In 1674, Antonie van Leeuwenhoek, often called the "father of microscopy", sent the Royal Society of London a copy of his first observations of microscopic single-celled organisms. Until then, the existence of such microscopic organisms was entirely unknown. Despite this, Linnaeus did not include any microscopic creatures in his original taxonomy.

At first, microscopic organisms were classified within the animal and plant kingdoms. However, by the mid–19th century, it had become clear to many that "the existing dichotomy of the plant and animal kingdoms [had become] rapidly blurred at its boundaries and outmoded".

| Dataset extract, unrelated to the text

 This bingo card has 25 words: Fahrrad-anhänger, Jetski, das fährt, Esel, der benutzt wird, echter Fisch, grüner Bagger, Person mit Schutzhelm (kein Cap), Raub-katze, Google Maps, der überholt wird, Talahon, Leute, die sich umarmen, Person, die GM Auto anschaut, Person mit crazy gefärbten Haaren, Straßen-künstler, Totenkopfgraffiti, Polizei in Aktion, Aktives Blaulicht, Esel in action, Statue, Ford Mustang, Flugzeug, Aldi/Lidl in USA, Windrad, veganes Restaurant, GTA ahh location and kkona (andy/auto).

In 1860 John Hogg proposed the Protoctista, a third kingdom of life composed of "all the lower creatures, or the primary organic beings"; he retained Regnum Lapideum as a fourth kingdom of minerals. In 1866, Ernst Haeckel also proposed a third kingdom of life, the Protista, for "neutral organisms" or "the kingdom of primitive forms", which were neither animal nor plant; he did not include the Regnum Lapideum in his scheme. Haeckel revised the content of this kingdom a number of times before settling on a division based on whether organisms were unicellular (Protista) or multicellular (animals and plants).

=== Four kingdoms ===
The development of microscopy revealed important distinctions between those organisms whose cells do not have a distinct nucleus (prokaryotes) and organisms whose cells do have a distinct nucleus (eukaryotes). In 1937 Édouard Chatton introduced the terms "prokaryote" and "eukaryote" to differentiate these organisms.

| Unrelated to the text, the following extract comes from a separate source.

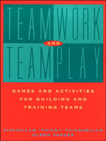 This book by Sivasailam Thiagarajan and Glenn M. Parker—Teamwork and Teamplay: Games and Activities for Building and Training Teams—is an excellent, concise, easy-to-follow resource for anyone working in either team-building or team-training environments. As explained in the book’s introduction, team building “. . . increases the ability of an intact team to work together. . .,” while team training “. . . increases the knowledge and skills of the participants in various aspects of teamwork and being a team player. . . .” The book presents many exercises for each type of team experience.

In 1938, Herbert F. Copeland proposed a four-kingdom classification by creating the novel Kingdom Monera of prokaryotic organisms; as a revised phylum Monera of the Protista, it included organisms now classified as Bacteria and Archaea. Ernst Haeckel, in his 1904 book The Wonders of Life, had placed the blue-green algae (or Phycochromacea) in Monera; this would gradually gain acceptance, and the blue-green algae would become classified as bacteria in the phylum Cyanobacteria.

In the 1960s, Roger Stanier and C. B. van Niel promoted and popularized Édouard Chatton's earlier work, particularly in their paper of 1962, "The Concept of a Bacterium"; this created, for the first time, a rank above kingdom—a superkingdom or empire—with the two-empire system of prokaryotes and eukaryotes. The two-empire system would later be expanded to the three-domain system of Archaea, Bacteria, and Eukaryota.

=== Five kingdoms ===
The differences between fungi and other organisms regarded as plants had long been recognised by some; Haeckel had moved the fungi out of Plantae into Protista after his original classification, but was largely ignored in this separation by scientists of his time. Robert Whittaker recognized an additional kingdom for the Fungi. The resulting five-kingdom system, proposed in 1969 by Whittaker, has become a popular standard and with some refinement is still used in many works and forms the basis for new multi-kingdom systems. It is based mainly upon differences in nutrition; his Plantae were mostly multicellular autotrophs, his Animalia multicellular heterotrophs, and his Fungi multicellular saprotrophs.

The remaining two kingdoms, Protista and Monera, included unicellular and simple cellular colonies. The five kingdom system may be combined with the two empire system. In the Whittaker system, Plantae included some algae. In other systems, such as Lynn Margulis's system of five kingdoms, the plants included just the land plants (Embryophyta), and Protoctista has a broader definition.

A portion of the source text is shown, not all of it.